→ **Task to carry out**
Nothing but the lines below from the one with "Coral Red Pink" through the one with "El sector de" should be output, each exactly as given, and no pictures.

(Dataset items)
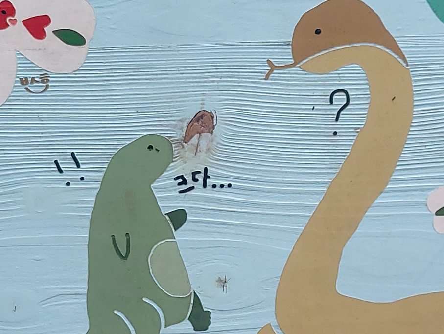 그냥 숲 속에 살고 싶다는 생각도 들었다. 전망대에서 내려오고 바로 돌아가기는 아쉬워서 30분 정도 걸린다는 빌레길에 들어가 보기로 했다. 사실 이때부터는 체력도 조금 떨어지고 길이 테우리길보다 훨씬 어려워져 괜히 왔나 싶기도 했다. 하지만 빌레길에 산다는 동물들을 모티브로 만든 마스코트 캐릭터가 정말 귀여웠다. 도마뱀을 만나고 싶었는데 너무 작아서 찾지 못한 건지 우리 눈엔 보이지 않았다.
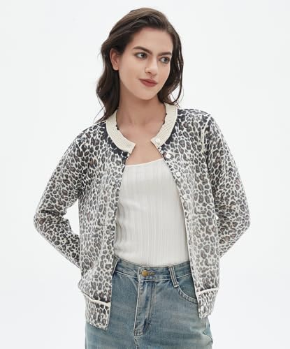 • Features: This women's leopard casual knit cardigan features a loose fit, classic round neck, front button closure, raised seams, ribbed cuffs, creating a timeless and elegant look.
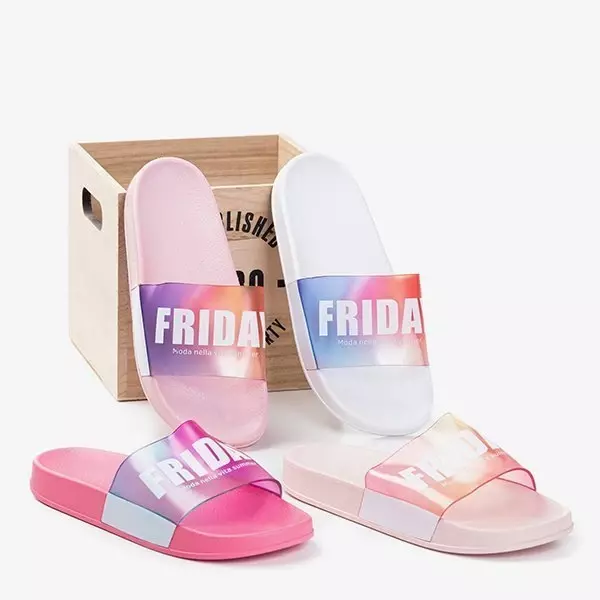 - Women's slippers made of dark pink rubber material. Transparent stripe with inscriptions. Take these swimming shoes with you! Note: the product has dirt on the material.
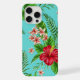 Coral Red Pink Floral On Aqua Blue Turquoise iPhone Case
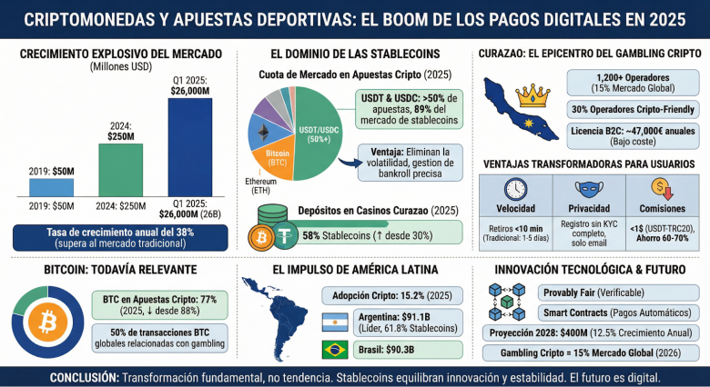 El sector de las apuestas deportivas online está experimentando una revolución impulsada por las criptomonedas. Los números son contundentes: el mercado de gambling con activos digitales ha pasado de 50 millones de dólares en 2019 a 250 millones en 2024, una tasa de crecimiento anual del 38% que supera ampliamente la del mercado tradicional. Solo en el primer trimestre de 2025, se apostaron 26 mil millones de dólares utilizando criptomonedas, casi el doble que el año anterior.
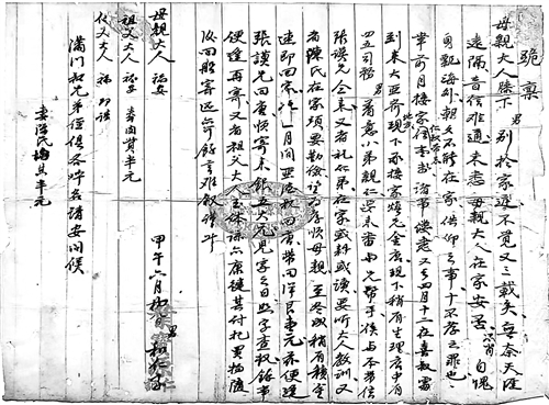 1900年5月13日,叶和仁在批信中提及母亲寿诞,满是“欲归不能”的遗憾与“遥寄祝福”的心意:“现本年三月母亲寿诞,儿兄弟十分喜慰。本欲裁挪,意欲一人回家,奈大家时事不好,不能成就……前今系母亲旦(诞)之期,买多少牲体,叩奉天公庇佑足妥,也请巳(几)位亲人是可。”“意欲回家”却“不能成就”的无奈,“买牲体、请亲人”的叮嘱,把对母亲的祝福落到了实处。
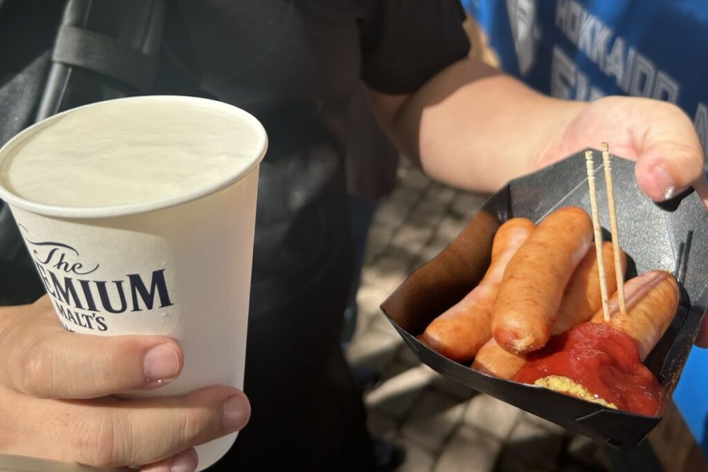 「F-PARK×シャウエッセンバル」では、ビールのお供にぴったりな日本ハムのソーセージやハムを販売。ビール片手にシャウエッセン北海道プレミアム(500円)や北海道プレミアム生ハム・ロースハム盛り合わせ(500円)などをピックアップする人がいました。
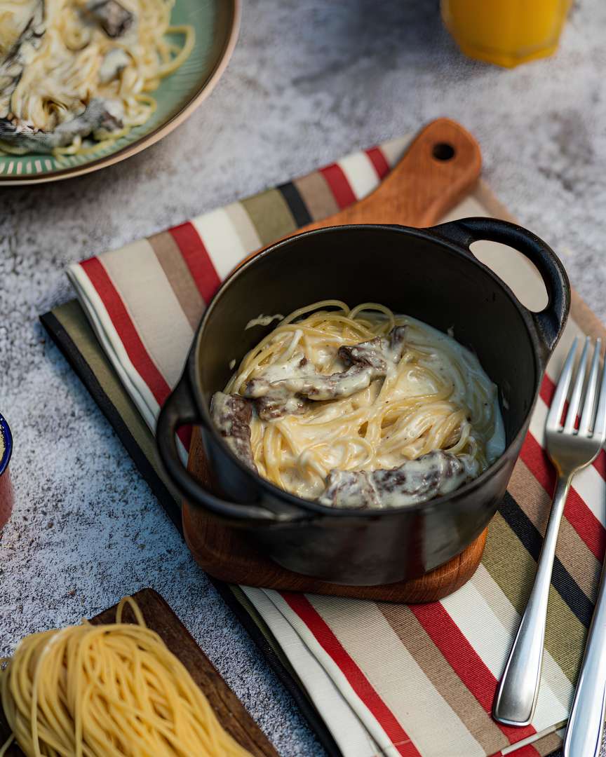 Fusilli Longo Quatro Queijos com Iscas de Filé Mignon: uma combinação que une a aveludada cremosidade do blend à suculência das iscas de filé.
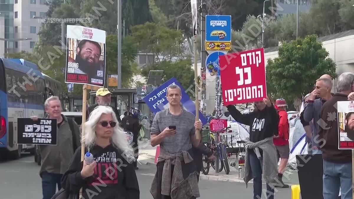 Some relatives of hostages and their supporters woke up outside the Defense Ministry in Tel Aviv on Sunday, after sleeping in tents there. They demanded an immediate ceasefire in Gaza that would enable all the remaining hostages to be released. (AP video: Ami Bentov)
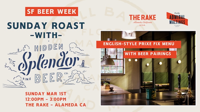 Join us on Sunday, 3/1, for a SF Beer Week take on an English pub institution, the Sunday Roast featuring the beers of Hidden Splendor Fine Beer Co.
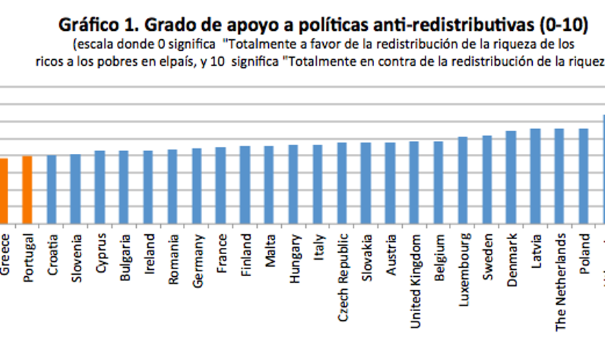 El vínculo sureño no da para mucho más. Los ciudadanos de Grecia, España y Portugal muestran actitudes distintas respecto al papel del Estado en la economía (los más pro-Estado somos los españoles), la relación entre los impuestos y los servicios públicos (España es el más favorable de los tres a un aumento de impuestos para incrementar los servicios públicos), por no hablar de cuestiones morales, en las que la sociedad española es de las más progresistas de Europa (por ejemplo, en el apoyo al matrimonio entre personas del mismo sexo)[1].
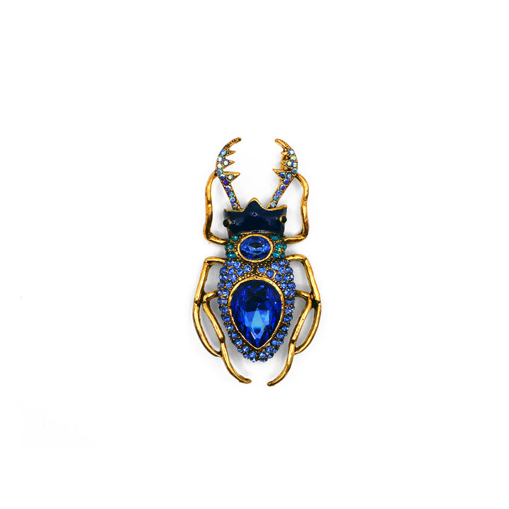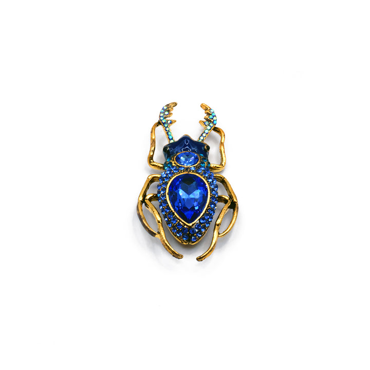 El broche Creta presenta un escarabajo elegante adornado con piedras azules y detalles dorados. Al centro, una piedra en forma de gota destaca su diseño, rodeada de pequeños detalles que aportan un brillo sofisticado. Una pieza llamativa y refinada, ideal para quienes buscan carácter y elegancia en un accesorio.
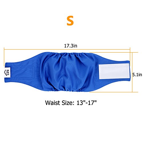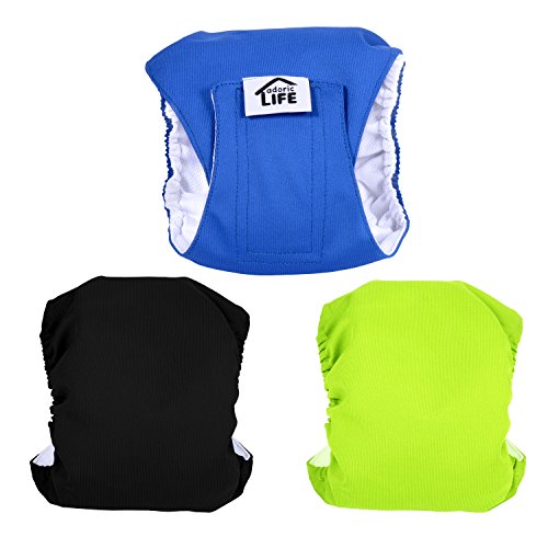 Strong Hook and Loop Easy and quick to wear and will not stick to your pet's fur. Adjust to the right and more comfortable size to fit your dog. Elastic Bands Design Make your dog accept, enjoy and move freely. Keep it stay in place well when dog move. Highly Absorbent Ultra Soft Durable, breathable and comfortable material. Provide your pup with long-lasting protection. 100% waterproof layer prevents side leakage. Healthier Happier Life Perfect solution for dogs that has not yet house-trained. Stop dog from males marking, excitement urination or incontinence. Prevent bacterial, virus and the risk of infection. Make your house tidy, make you doggie happy. Reusable Environment Friendly Can be washed and reused again and again. Save environment and money, better than disposable wraps. Attractive Colors 3 pieces in one pack, 3 different colors selectable. Bright colors make your pet looks active and lovely. Caution: 1. Adjust the hook and loop and loose 1/2 inch to ensure comfort. 2. Machine washable without bleach, softeners, perfumes or powder. 3. Hand washing with detergent is recommended. 4. Air dry or put it in a dryer, tumble dry below 30°. 5. Please fasten the hook and loop so as not to stick to other objects, reduce friction and make it more durable and sticky. Specification: Size: 17.3*5.1 inch Color: Black, Blue, Fluorescent green Application: For small male dog with waist size 13"-17" Package Contents: 3 x Small Male Dog Diapers (3 colors) Warranty Every Adoric Life small size male dog diaper includes ONE-year worry-free quality guarantee. 0
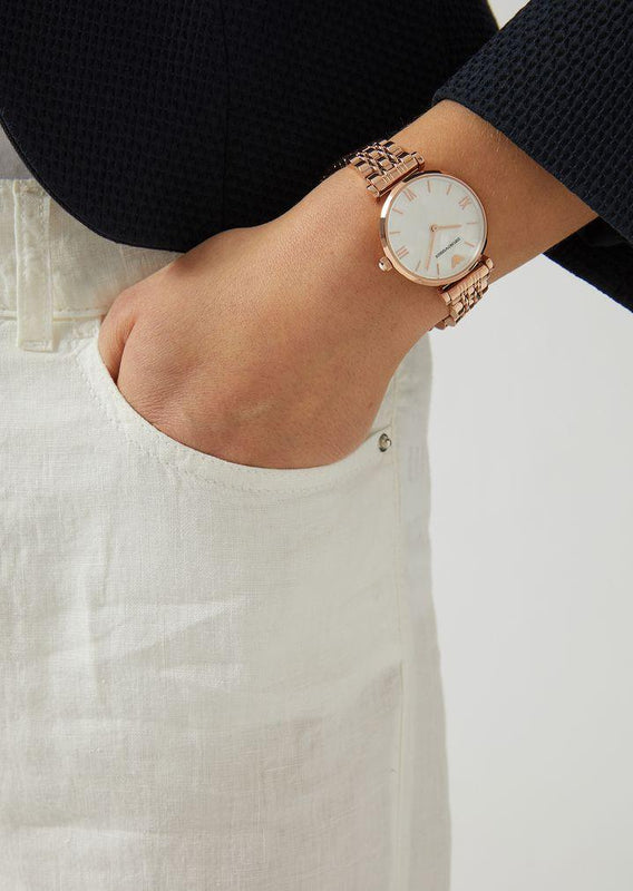 Orologio da polso fashion Emporio Armani AR11110. Orologio analogico da donna con movimento al quarzo, cassa in acciaio inossidabile di colore oro rosa di diametro 32 mm, quadrante fantasia bianco e silver, vetro minerale e cinturino in acciaio inossidabile di color oro rosa.
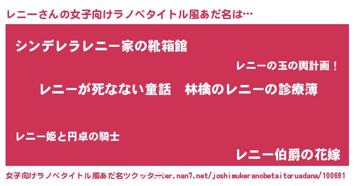 | ヘコむあだ名 | 『つくし』『レニふぇ~』『レニを』 |
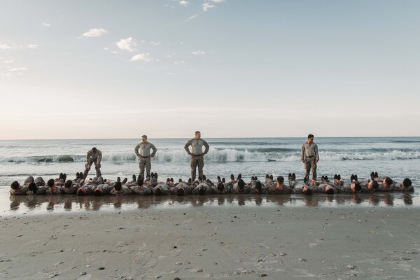Marines and sailors participate in a beach workout during Corporal's Course at Camp Lejeune, N.C., M... Photo Details >
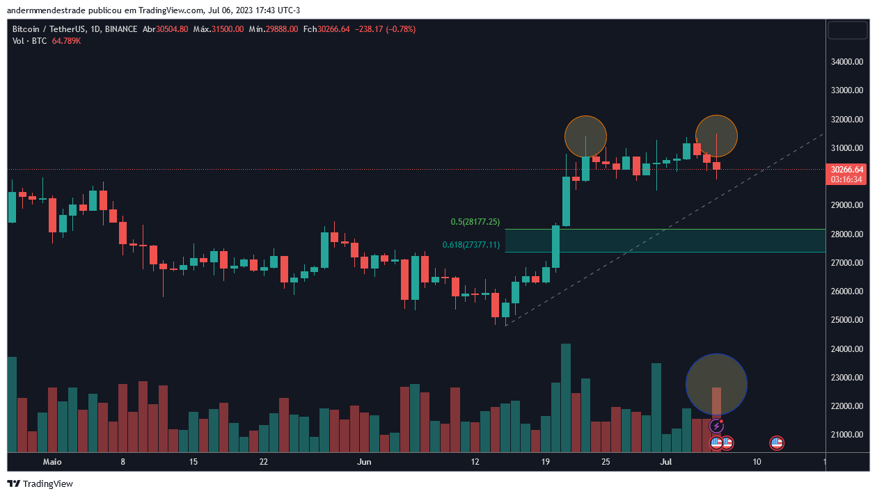 Por fim, vale destacar que o volume de negociações visto nas últimas 24 horas (círculo azul) foi o maior registrado em julho. Ou seja, compradores (touros) e vendedores (ursos) estão travando uma verdadeira batalha pelo controle da tendência atual. O fato de nenhum grupo estar conseguindo tomar a dianteira explica a tendência atual ser lateralizada.
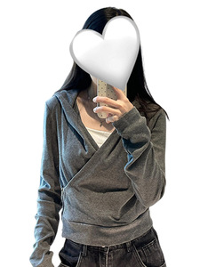 灰色连帽卫衣外套女初秋季2025新款小众设计感交叉打底衫针织上衣
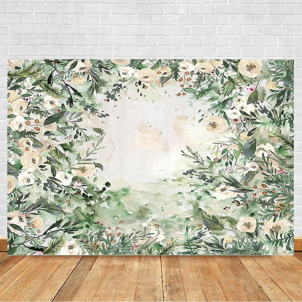 Фон для фотосъемки с изображением зеленой травы, цветов, розы, белы...
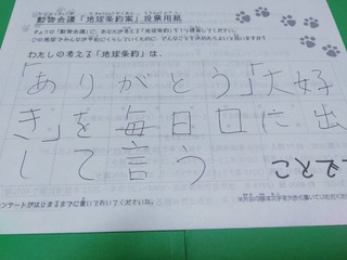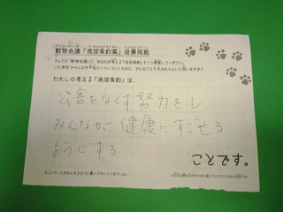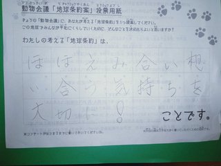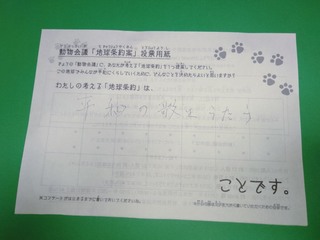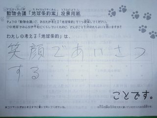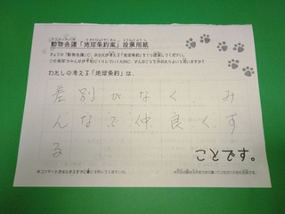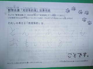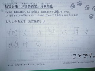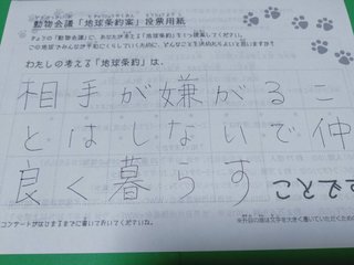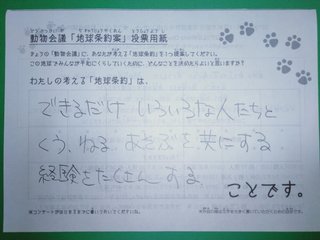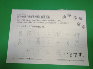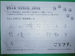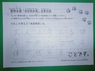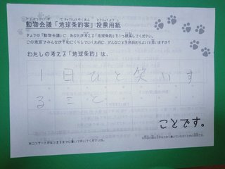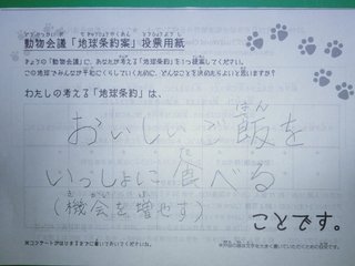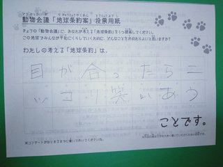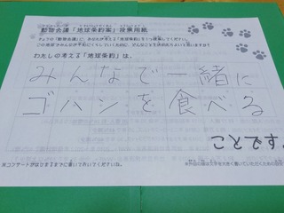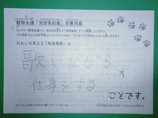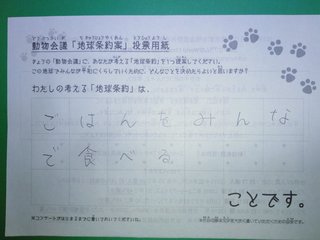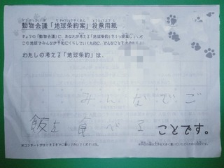 2019年12月、「ミニ・コンサート動物会議Flash!」に寄せられた地球条約案です。このミニ・コンサートは、東京都合唱連盟主催の野外合唱コンサートの一環で東京文化会館キャノピー広場にて開かれました。
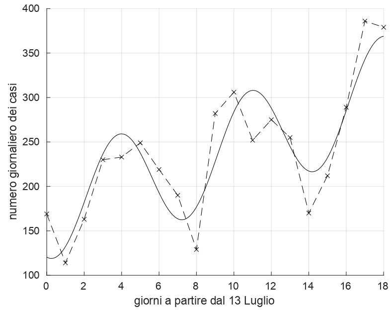 Figura 4 Andamento temporale dell’incidenza dei soggetti trovati positivi al Covid-19 in Italia nel periodo dal 13 al 31 Luglio 2020. Il miglior fit con un modello di tipo esponenziale con una componente periodica è sovrapposto ai dati.
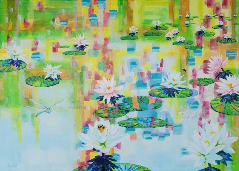 Reimagining the timeless water lily motif through dappled sunlight and shifting reflections that animate the rich habitat of a garden pond.
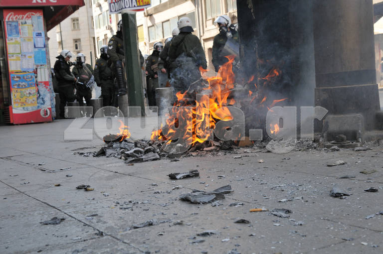 Μπροστά στον φωτογραφικό φακό γίνονται βίαιες προσαγωγές διαδηλωτών. Από την άλλη πλευρά, νεαροί με κουκούλες ετοιμάζουν τα «πολεμοφόδιά» τους.
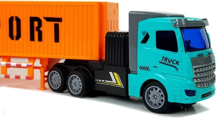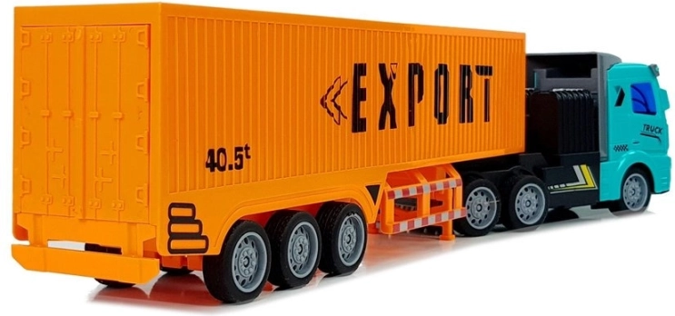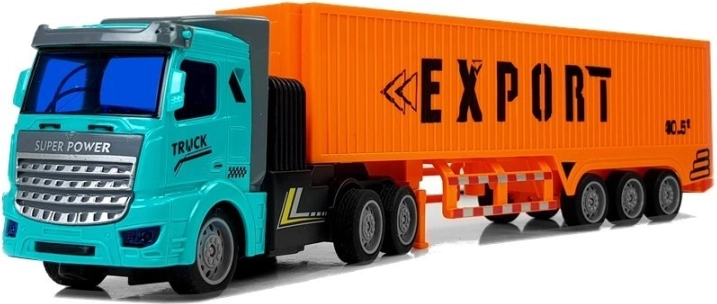 Turkusowa kabina i pomarańczowa naczepa z napisami EXPORT/PORT tworzą wierny wygląd prawdziwej ciężarówki – idealny do wyobrażeniowego transportu ładunków.
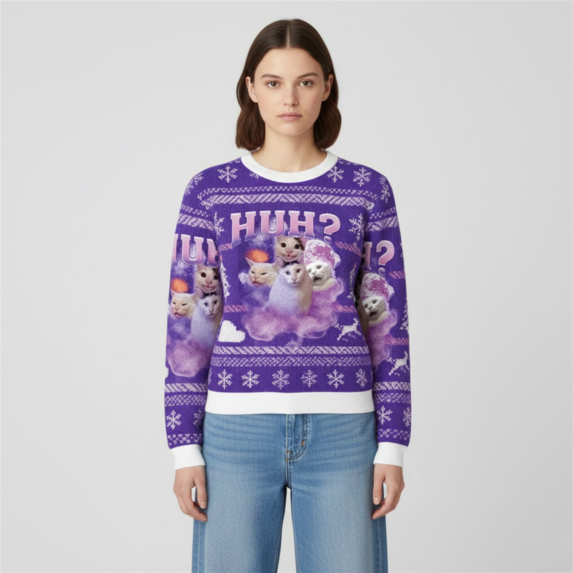 The holidays are chaotic, loud, and often confusingājust like the “Huh?” cat. This sweater captures the zeitgeist of 2025 internet humor, bringing the viral sound bite to life in fashion form. The design features a high-definition, all-over print of the famous confused cat, surrounded by a “mystical” purple fog and bold “HUH?” text.
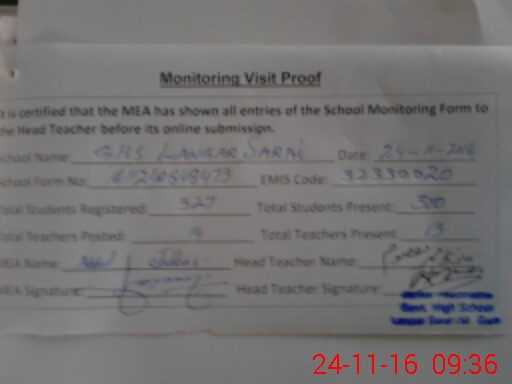 | EMIS Code: 32330020 | Name of School: GHS LANGER SARAI | |||
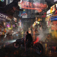 urban scene. In the foreground, there's a person riding a motorcycle through what appears to be a rain-soaked street lined with
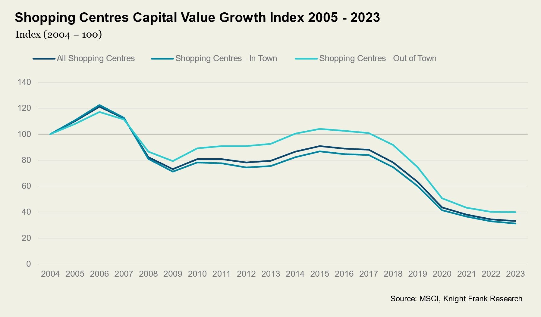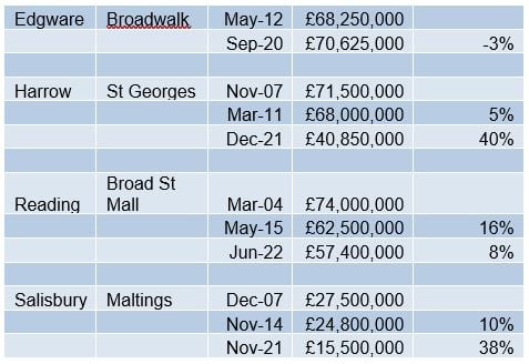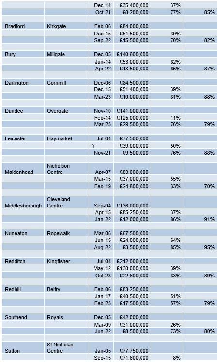 To look for trends, we considered centres that traded in 2005-2007, again in 2012-2015 and have subsequently re-traded again since the COVID-19 pandemic. These triple trades generally give clear, factual evidence of value movements at a point in time.

→ **Exercise output**
 Coral Red Pink Floral On Aqua Blue Turquoise iPhone Case
 El sector de las apuestas deportivas online está experimentando una revolución impulsada por las criptomonedas. Los números son contundentes: el mercado de gambling con activos digitales ha pasado de 50 millones de dólares en 2019 a 250 millones en 2024, una tasa de crecimiento anual del 38% que supera ampliamente la del mercado tradicional. Solo en el primer trimestre de 2025, se apostaron 26 mil millones de dólares utilizando criptomonedas, casi el doble que el año anterior.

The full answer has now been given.